╭──
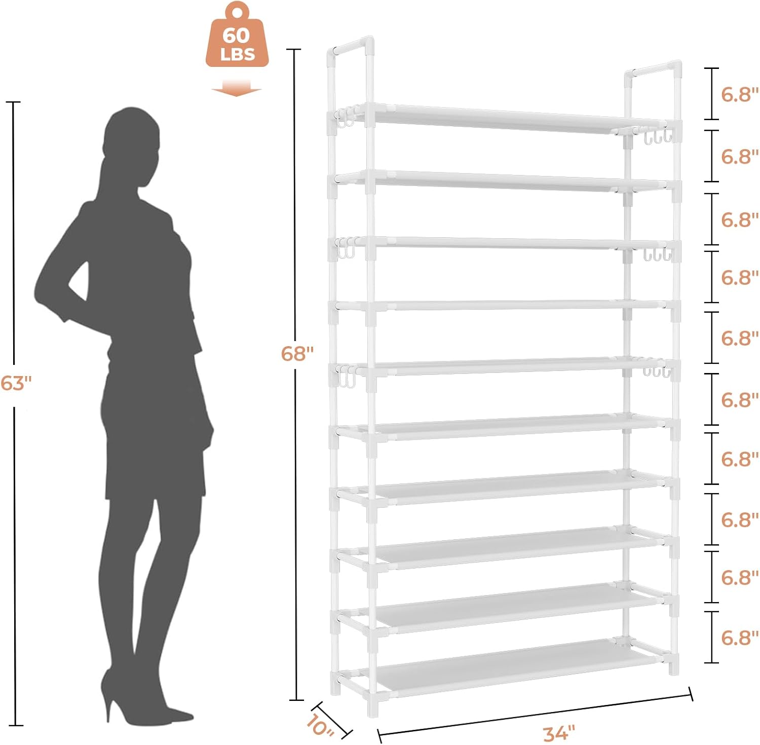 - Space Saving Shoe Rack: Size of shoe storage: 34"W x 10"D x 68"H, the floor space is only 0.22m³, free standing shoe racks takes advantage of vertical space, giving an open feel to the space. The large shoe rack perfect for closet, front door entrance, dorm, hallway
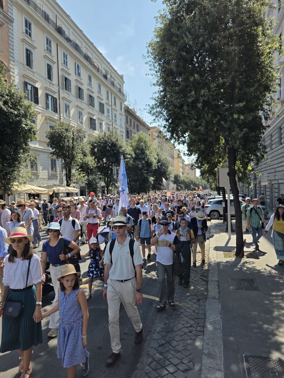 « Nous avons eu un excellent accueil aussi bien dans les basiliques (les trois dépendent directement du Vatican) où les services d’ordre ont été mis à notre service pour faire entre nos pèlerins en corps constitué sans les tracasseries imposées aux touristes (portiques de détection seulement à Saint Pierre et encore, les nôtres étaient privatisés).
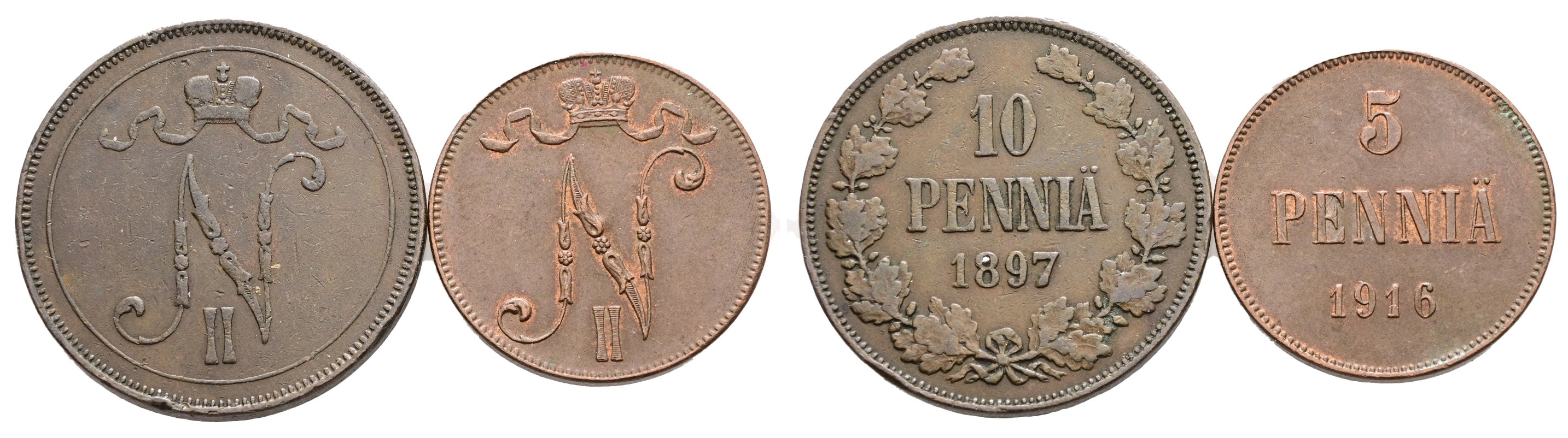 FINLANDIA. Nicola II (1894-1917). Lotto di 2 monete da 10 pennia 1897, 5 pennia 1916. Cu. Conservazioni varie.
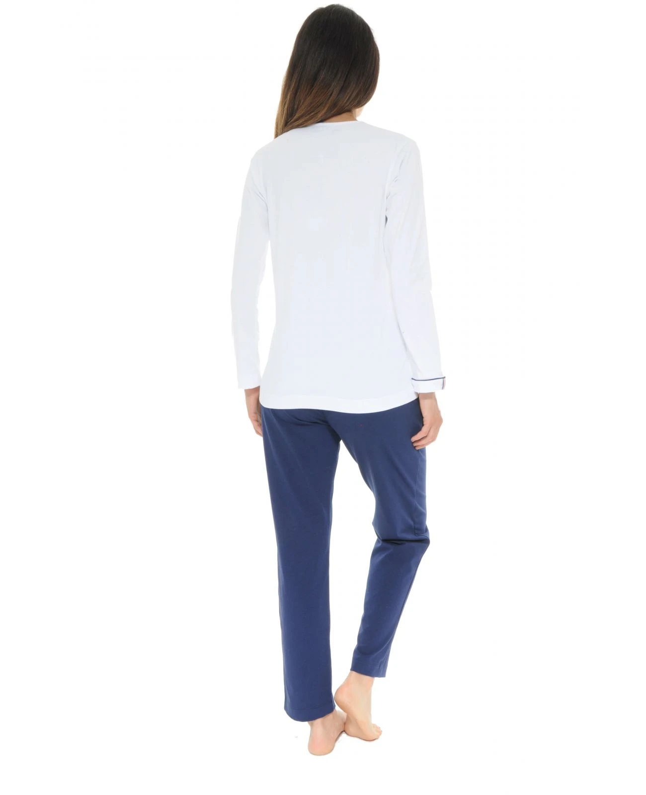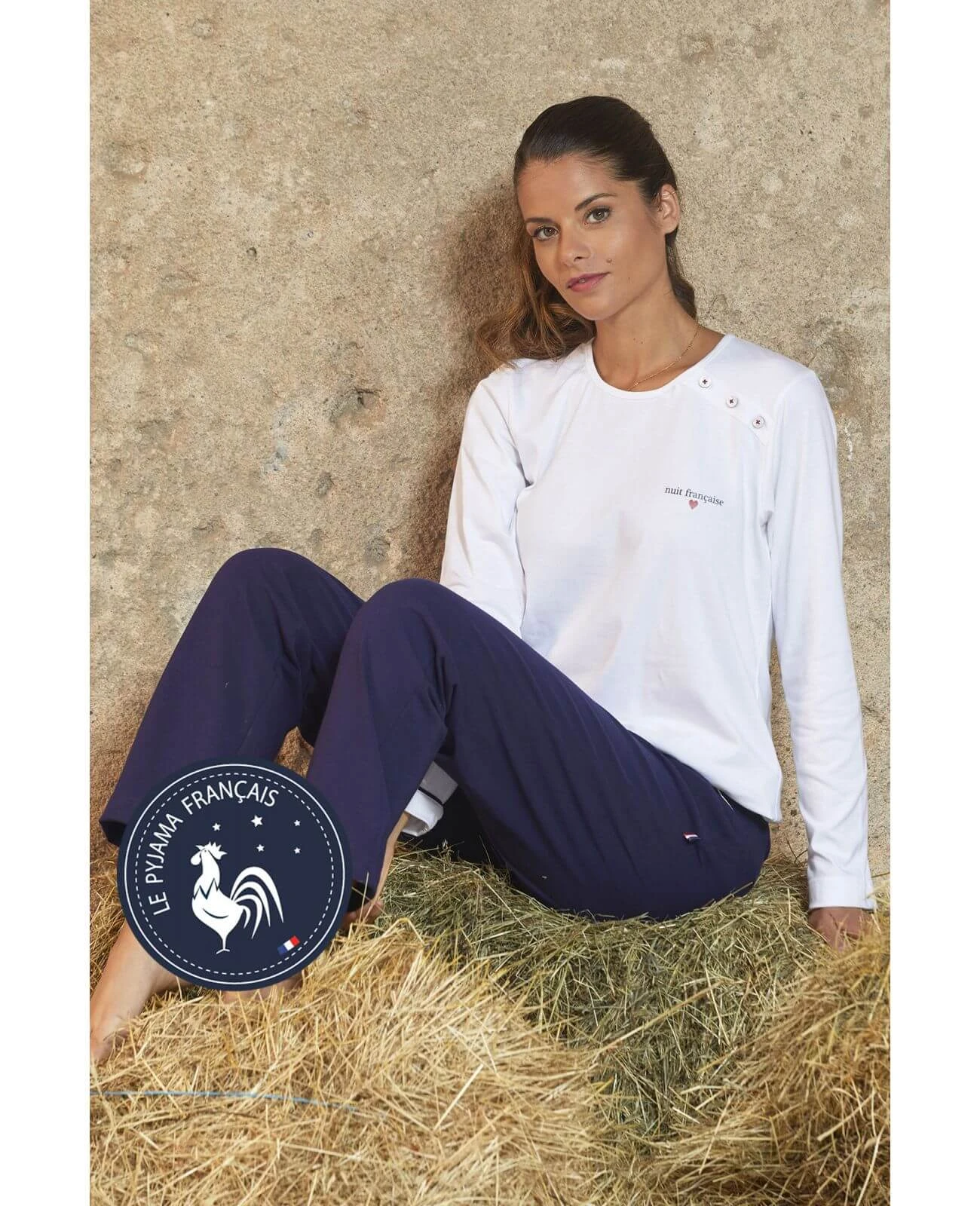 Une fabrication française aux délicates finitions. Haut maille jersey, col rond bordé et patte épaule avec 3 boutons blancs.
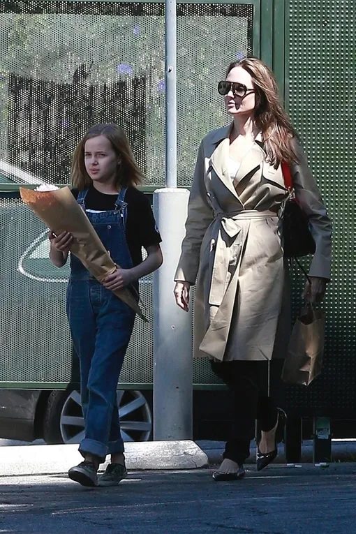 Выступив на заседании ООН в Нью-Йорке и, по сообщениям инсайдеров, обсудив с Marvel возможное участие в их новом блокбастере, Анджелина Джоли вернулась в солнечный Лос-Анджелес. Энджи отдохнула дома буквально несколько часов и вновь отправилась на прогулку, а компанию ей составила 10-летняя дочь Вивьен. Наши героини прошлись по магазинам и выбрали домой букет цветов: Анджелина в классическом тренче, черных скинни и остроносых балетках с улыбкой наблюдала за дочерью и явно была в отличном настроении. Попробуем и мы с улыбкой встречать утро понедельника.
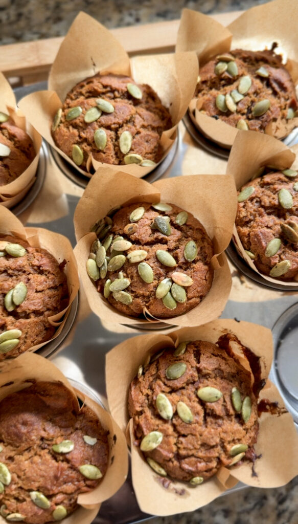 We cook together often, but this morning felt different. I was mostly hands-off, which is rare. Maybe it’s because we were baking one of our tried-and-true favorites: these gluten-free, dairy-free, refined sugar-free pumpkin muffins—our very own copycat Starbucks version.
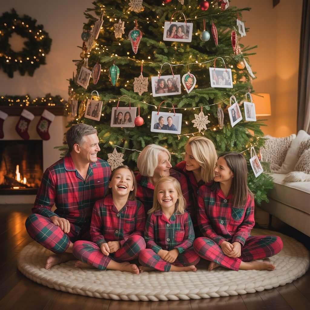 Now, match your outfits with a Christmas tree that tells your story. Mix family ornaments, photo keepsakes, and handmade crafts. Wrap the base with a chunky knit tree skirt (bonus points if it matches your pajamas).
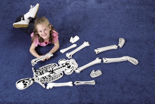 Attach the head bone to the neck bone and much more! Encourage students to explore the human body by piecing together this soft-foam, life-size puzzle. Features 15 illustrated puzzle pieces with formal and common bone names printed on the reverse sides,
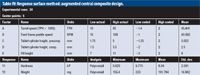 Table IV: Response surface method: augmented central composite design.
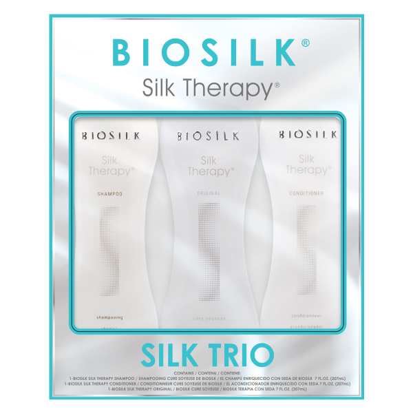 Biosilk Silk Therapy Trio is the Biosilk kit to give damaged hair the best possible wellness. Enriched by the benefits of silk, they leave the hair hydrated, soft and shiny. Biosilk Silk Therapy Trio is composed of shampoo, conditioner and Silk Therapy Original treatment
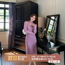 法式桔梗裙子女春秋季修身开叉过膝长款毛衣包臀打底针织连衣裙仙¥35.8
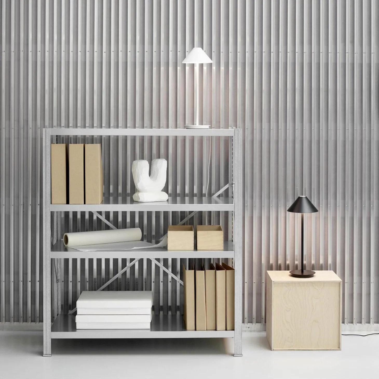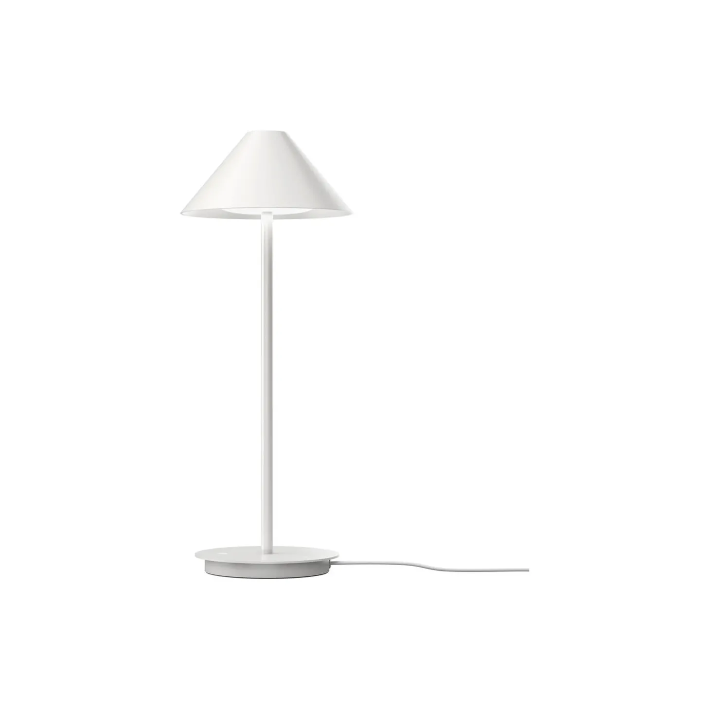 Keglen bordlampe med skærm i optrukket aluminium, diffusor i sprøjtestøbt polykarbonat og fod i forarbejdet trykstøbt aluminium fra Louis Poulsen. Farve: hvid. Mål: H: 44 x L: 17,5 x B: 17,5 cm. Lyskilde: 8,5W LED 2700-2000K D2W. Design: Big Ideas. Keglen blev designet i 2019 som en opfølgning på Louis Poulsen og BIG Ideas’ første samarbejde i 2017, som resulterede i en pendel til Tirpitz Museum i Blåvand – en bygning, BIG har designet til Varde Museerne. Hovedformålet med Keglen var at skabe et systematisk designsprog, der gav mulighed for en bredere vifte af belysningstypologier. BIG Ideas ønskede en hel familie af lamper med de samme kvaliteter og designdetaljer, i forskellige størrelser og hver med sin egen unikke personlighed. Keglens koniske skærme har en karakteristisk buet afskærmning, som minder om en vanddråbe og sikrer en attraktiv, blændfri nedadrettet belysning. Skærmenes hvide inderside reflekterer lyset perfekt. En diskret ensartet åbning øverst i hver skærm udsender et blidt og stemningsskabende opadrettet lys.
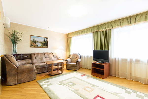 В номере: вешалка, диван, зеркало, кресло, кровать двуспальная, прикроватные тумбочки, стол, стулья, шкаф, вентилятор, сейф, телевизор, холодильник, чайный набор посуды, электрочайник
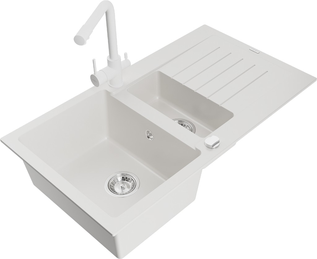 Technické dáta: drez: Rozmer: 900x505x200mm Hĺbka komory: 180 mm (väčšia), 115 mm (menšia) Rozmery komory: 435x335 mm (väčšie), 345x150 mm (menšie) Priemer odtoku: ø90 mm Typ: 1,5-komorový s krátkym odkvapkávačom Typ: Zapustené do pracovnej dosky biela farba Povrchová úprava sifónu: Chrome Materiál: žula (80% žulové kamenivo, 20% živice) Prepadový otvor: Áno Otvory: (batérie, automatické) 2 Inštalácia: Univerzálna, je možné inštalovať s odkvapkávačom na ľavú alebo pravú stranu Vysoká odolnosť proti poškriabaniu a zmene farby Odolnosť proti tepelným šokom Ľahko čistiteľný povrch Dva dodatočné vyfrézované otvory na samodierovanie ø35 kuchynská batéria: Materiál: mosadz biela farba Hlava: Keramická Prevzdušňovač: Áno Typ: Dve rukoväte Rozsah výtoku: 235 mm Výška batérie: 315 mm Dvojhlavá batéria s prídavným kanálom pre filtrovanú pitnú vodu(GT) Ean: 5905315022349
╰──
== Assigned task ==
Quote the lines above exactly, starting with the one that has "Now, match your" and ending with the one that has "Table IV: Response"; drop the pictures and include nothing else.

== Solution for this task ==
 Now, match your outfits with a Christmas tree that tells your story. Mix family ornaments, photo keepsakes, and handmade crafts. Wrap the base with a chunky knit tree skirt (bonus points if it matches your pajamas).
 Attach the head bone to the neck bone and much more! Encourage students to explore the human body by piecing together this soft-foam, life-size puzzle. Features 15 illustrated puzzle pieces with formal and common bone names printed on the reverse sides,
 Table IV: Response surface method: augmented central composite design.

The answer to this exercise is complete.